We also proposed several leading indicators of negative effects in the experiment plan, together with specific courses of action.

Now that Variation C is almost ready, we should modify the written experiment plan to indicate what share of users should receive Variation A, Variation C, and no survey. That can be up to @nettrom_WMF and @SBisson.

We decided to create a separate task for experiments with Variation C: T210868

MMiller_WMF renamed this task from Personalized first day: experiments to Personalized first day: experiments (Variation A).Nov 30 2018, 6:26 PM
MMiller_WMF updated the task description. (Show Details)

We've completed our initial experiment and found no obvious detrimental effect from the survey. We've also run a second experiment against variation C, and found that Var A is preferable. Currently, we are running an experiment on Vietnamese Wikipedia with Var A and a control group, to learn more about the abandonment rate on that wiki (ref T216668 and T216669).

@nettrom_WMF -- do you think enough time has gone by that we can look at the abandonment rates? Even if we don't yet have statistical significance on the activation rate? I would like us to find out as soon as we can whether the survey seems to be causing the stark abandonment rate that the Var A vs. Var C experiment suggested there might be.

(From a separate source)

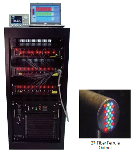図21に、NECSELが開発したレトロフィット式レーザープロジェクター用の光源モジュールの外観写真を示す1)。RGBレーザーを各9個ずつ使用し、ファイバー伝播方式を採用している。合計27本のファイバーをバンドルし、ファイバー先端を既存のプロジェクターの光学系に直接入射できる構造になっている。光源部、電源、冷却系、制御系を全て19インチラックに搭載している。
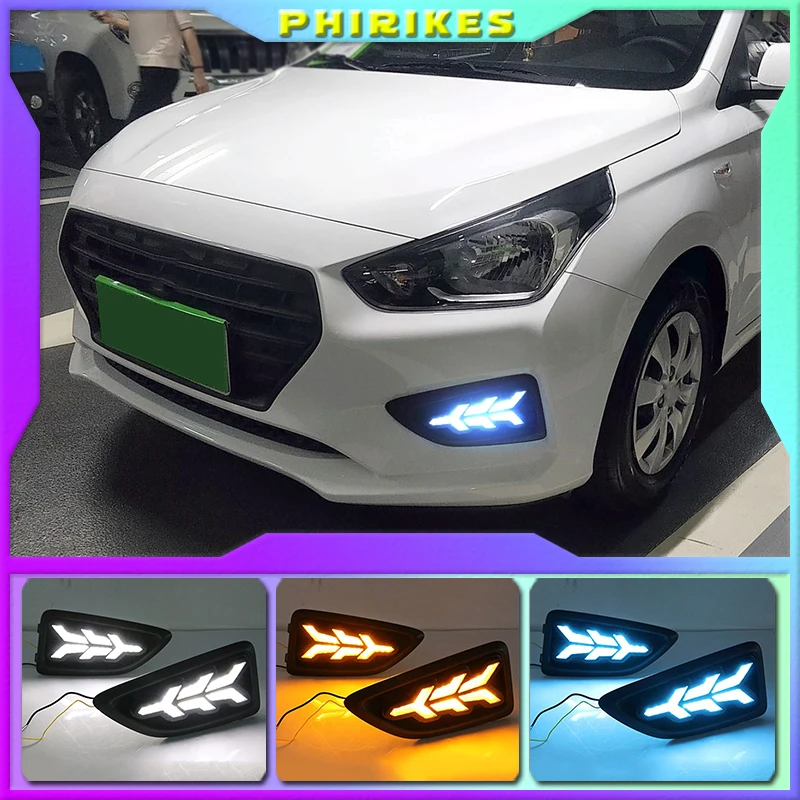 2Pcs For Hyundai Accent VERNA 2017 Fog Lamp Day Light with Turn Signal Function LED DRL Daytime Running Lights

I started this analysis on 2019-03-18, at which point we had 3,624 non-autocreated registrations since switching on the survey/control A/B test. Using the week of data prior to deployment I had earlier estimated the overall abandonment rate at 17.2%. A power analysis indicated that if the control group's abandonment rate equalled the estimate, we would be able to determine a significant change if the survey group's abandonment rate was outside the [13%,21%] range.

I calculated abandonment overall for each group, as well as split by whether the account was registered on the desktop or mobile site. Overall, the results are:

GroupDid not abandon%Did abandon%
Control1,48984.3%27815.7%
Survey1,17863.4%67936.6%

Overall, the survey group has a significantly larger abandonment rate (i.e. the difference is outside the range indicated by our power analysis). However, this is driven by abandonment of registrations on the desktop site:

Desktop/mobileGroupDid not abandon%Did abandon%
DesktopControl1,06282.7%22217.3%
DesktopSurvey74354.3%62545.7%
MobileControl42788.4%5611.6%
MobileSurvey43589.0%5411.0%

The 0.6pp difference between the control and survey group on mobile is obviously not significant (it's a much smaller sample and the difference is much smaller than identified in our power analysis). In other words, the survey appears to have no significant effect on abandonment for users who registered on the mobile site.

The 28.4pp difference between the control and survey group on desktop is statistically significant (X^2=244.4, df=1, p << 0.001). We're discussing how to dig further into this to understand what's going on.

Leaving this in progress because the next step is to get these findings on mediawiki.org. This is not urgent.

kzimmerman lowered the priority of this task from Medium to Low.Sep 11 2019, 9:48 PM
kzimmerman subscribed.

Remaining documentation moved to a separate task, closing the analysis as resolved.